If you just decide to run, the application will run further until the moment it is done executing or another breakpoint occurs.
In this article we saw how we could integrate Xdebug with Sublime and made sure we understood how to debug. Almost every IDE suitable for PHP can integrate with Xdebug. If you are interested in debugging like this in Netbeans, have a look at the article mentioned in the introduction. Are you using breakpoints? Or are you using PHP functions like var_dump to get your debug data? Let us know in the comments below!
Frequently Asked Questions (FAQs) about Debugging with Xdebug and Sublime Text 3
How Do I Install Xdebug for Sublime Text 3?
To install Xdebug for Sublime Text 3, you first need to install the Xdebug PHP extension. This can be done by downloading the appropriate DLL file from the Xdebug website and adding it to your PHP extensions directory. After that, you need to modify your php.ini file to include the Xdebug extension. Once the Xdebug PHP extension is installed, you can install the Xdebug package for Sublime Text 3 using Package Control.
How Do I Configure Xdebug for Sublime Text 3?
Configuring Xdebug for Sublime Text 3 involves modifying your php.ini file and your Sublime Text 3 settings. In your php.ini file, you need to set the xdebug.remote_enable and xdebug.remote_autostart settings to 1. In your Sublime Text 3 settings, you need to specify the path to your PHP executable and the port number that Xdebug should use for communication.
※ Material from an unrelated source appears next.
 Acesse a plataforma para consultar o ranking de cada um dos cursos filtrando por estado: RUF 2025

Why Isn’t Xdebug Working in Sublime Text 3?
If Xdebug isn’t working in Sublime Text 3, there could be several reasons. One common issue is that the Xdebug PHP extension isn’t installed or configured correctly. Another issue could be that the Xdebug package for Sublime Text 3 isn’t installed or configured correctly. It’s also possible that there’s a problem with your PHP or Sublime Text 3 settings.
How Do I Use Xdebug to Debug PHP Code in Sublime Text 3?
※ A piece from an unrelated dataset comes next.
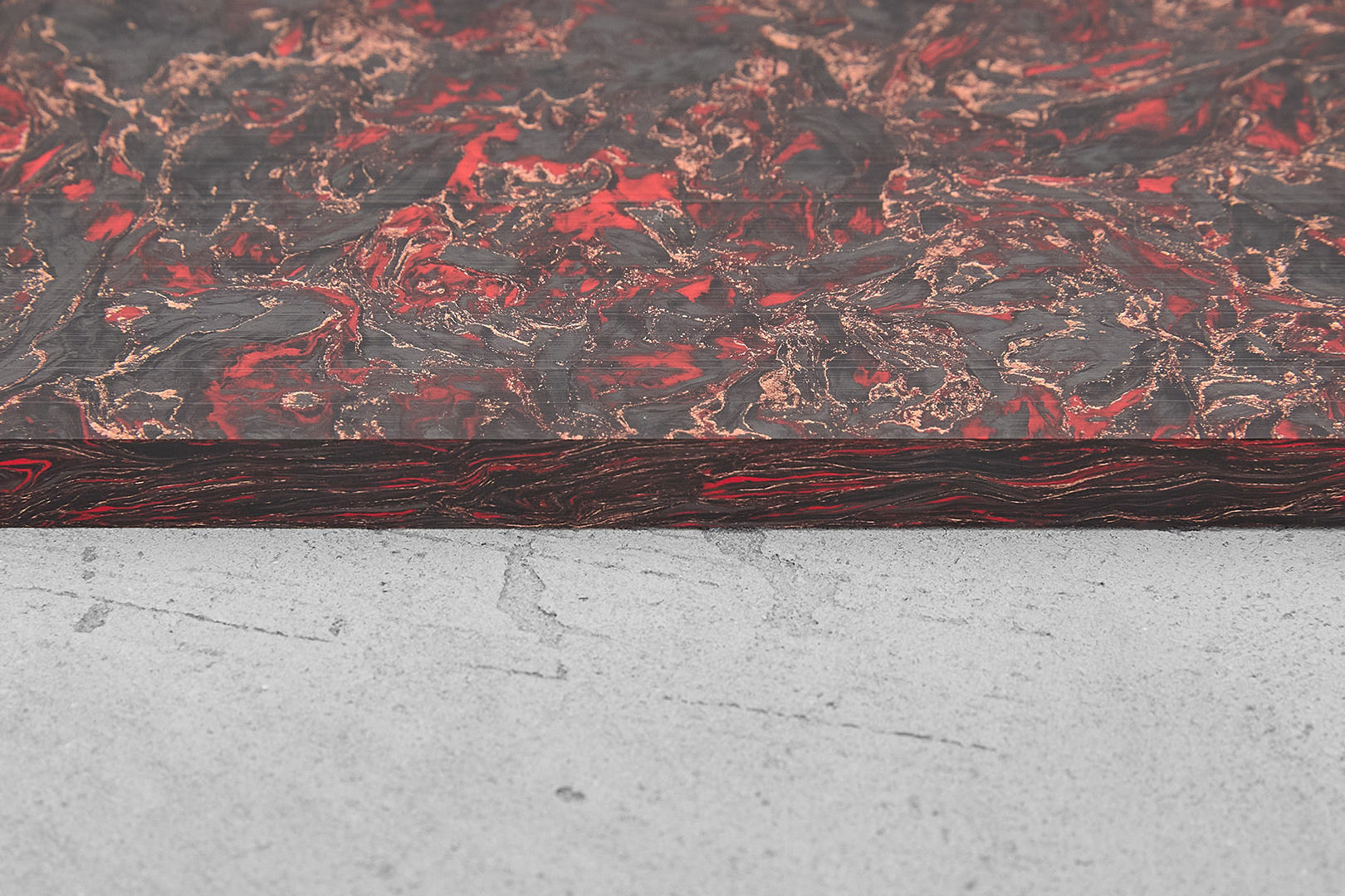 Карбон хаотичный, плашка 130x85x8мм, красный с медной пудрой | Арт Cb.MxH8.321

To use Xdebug to debug PHP code in Sublime Text 3, you first need to set a breakpoint in your code. This can be done by clicking in the gutter next to the line of code where you want the breakpoint. Once the breakpoint is set, you can start the debugging session by selecting “Start Debugging” from the Xdebug menu.
Can I Use Xdebug with Sublime Text 3 on a Mac?
Yes, you can use Xdebug with Sublime Text 3 on a Mac. The process for installing and configuring Xdebug on a Mac is similar to the process for Windows, but there are some differences. For example, the location of the php.ini file and the PHP extensions directory may be different.
How Do I View Variable Values with Xdebug in Sublime Text 3?
To view variable values with Xdebug in Sublime Text 3, you need to use the “Watch” feature. This allows you to specify variables that you want to monitor during the debugging session. When a watched variable changes, its new value is displayed in the Xdebug panel.
Can I Step Through Code with Xdebug in Sublime Text 3?
Yes, you can step through code with Xdebug in Sublime Text 3. This is done using the “Step Over”, “Step Into”, and “Step Out” commands. These commands allow you to control the execution of your code line by line, making it easier to identify and fix bugs.
How Do I Stop a Debugging Session in Sublime Text 3?
To stop a debugging session in Sublime Text 3, you can use the “Stop Debugging” command from the Xdebug menu. This will end the debugging session and return control to Sublime Text 3.
Can I Debug Remote PHP Applications with Xdebug and Sublime Text 3?
Yes, you can debug remote PHP applications with Xdebug and Sublime Text 3. This requires additional configuration, including setting the xdebug.remote_host and xdebug.remote_port settings in your php.ini file.
How Do I Update Xdebug in Sublime Text 3?
To update Xdebug in Sublime Text 3, you need to update the Xdebug PHP extension and the Xdebug package for Sublime Text 3. The Xdebug PHP extension can be updated by downloading the latest DLL file from the Xdebug website and replacing the existing DLL file in your PHP extensions directory. The Xdebug package for Sublime Text 3 can be updated using Package Control.